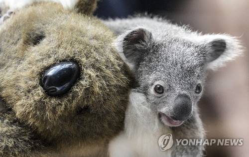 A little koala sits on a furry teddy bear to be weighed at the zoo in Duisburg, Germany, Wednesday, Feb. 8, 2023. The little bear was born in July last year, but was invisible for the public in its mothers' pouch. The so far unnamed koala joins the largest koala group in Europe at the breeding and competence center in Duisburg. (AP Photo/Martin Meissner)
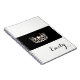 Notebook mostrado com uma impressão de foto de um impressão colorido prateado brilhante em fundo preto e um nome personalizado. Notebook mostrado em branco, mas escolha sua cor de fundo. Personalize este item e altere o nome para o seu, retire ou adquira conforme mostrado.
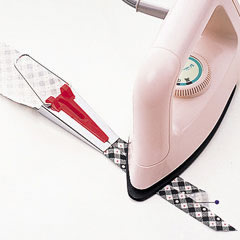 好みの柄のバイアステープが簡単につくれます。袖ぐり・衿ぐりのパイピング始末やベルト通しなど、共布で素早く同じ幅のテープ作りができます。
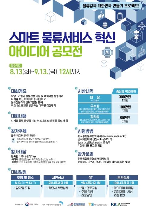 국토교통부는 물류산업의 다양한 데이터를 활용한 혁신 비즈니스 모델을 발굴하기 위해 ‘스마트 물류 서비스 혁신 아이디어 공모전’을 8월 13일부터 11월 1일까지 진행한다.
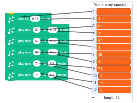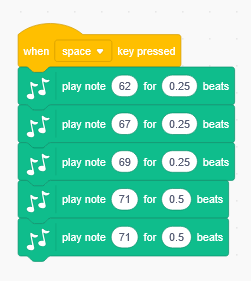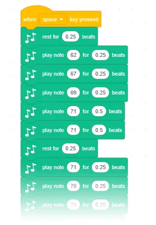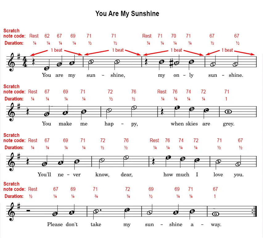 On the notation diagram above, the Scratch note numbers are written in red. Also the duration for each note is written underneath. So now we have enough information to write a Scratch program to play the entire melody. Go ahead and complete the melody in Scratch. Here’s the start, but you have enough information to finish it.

==

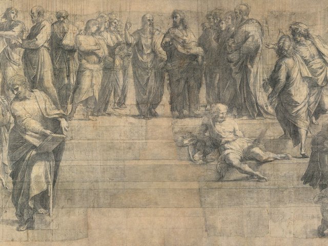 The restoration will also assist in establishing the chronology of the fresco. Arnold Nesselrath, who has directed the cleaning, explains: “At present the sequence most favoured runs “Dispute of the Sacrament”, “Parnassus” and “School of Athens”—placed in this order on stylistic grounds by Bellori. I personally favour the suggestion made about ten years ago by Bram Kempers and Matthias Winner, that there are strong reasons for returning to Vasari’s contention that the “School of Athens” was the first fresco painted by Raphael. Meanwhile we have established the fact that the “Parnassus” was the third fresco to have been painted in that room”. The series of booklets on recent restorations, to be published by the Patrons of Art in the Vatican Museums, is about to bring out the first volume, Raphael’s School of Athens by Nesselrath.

The task:
In the entries above, find the line with "A little koala" and the line with "On the notation". Write out exactly those two lines and every line between them, pictures excluded.

Result of the exercise:
 A little koala sits on a furry teddy bear to be weighed at the zoo in Duisburg, Germany, Wednesday, Feb. 8, 2023. The little bear was born in July last year, but was invisible for the public in its mothers' pouch. The so far unnamed koala joins the largest koala group in Europe at the breeding and competence center in Duisburg. (AP Photo/Martin Meissner)
 Notebook mostrado com uma impressão de foto de um impressão colorido prateado brilhante em fundo preto e um nome personalizado. Notebook mostrado em branco, mas escolha sua cor de fundo. Personalize este item e altere o nome para o seu, retire ou adquira conforme mostrado.
 好みの柄のバイアステープが簡単につくれます。袖ぐり・衿ぐりのパイピング始末やベルト通しなど、共布で素早く同じ幅のテープ作りができます。
 국토교통부는 물류산업의 다양한 데이터를 활용한 혁신 비즈니스 모델을 발굴하기 위해 ‘스마트 물류 서비스 혁신 아이디어 공모전’을 8월 13일부터 11월 1일까지 진행한다.
 On the notation diagram above, the Scratch note numbers are written in red. Also the duration for each note is written underneath. So now we have enough information to write a Scratch program to play the entire melody. Go ahead and complete the melody in Scratch. Here’s the start, but you have enough information to finish it.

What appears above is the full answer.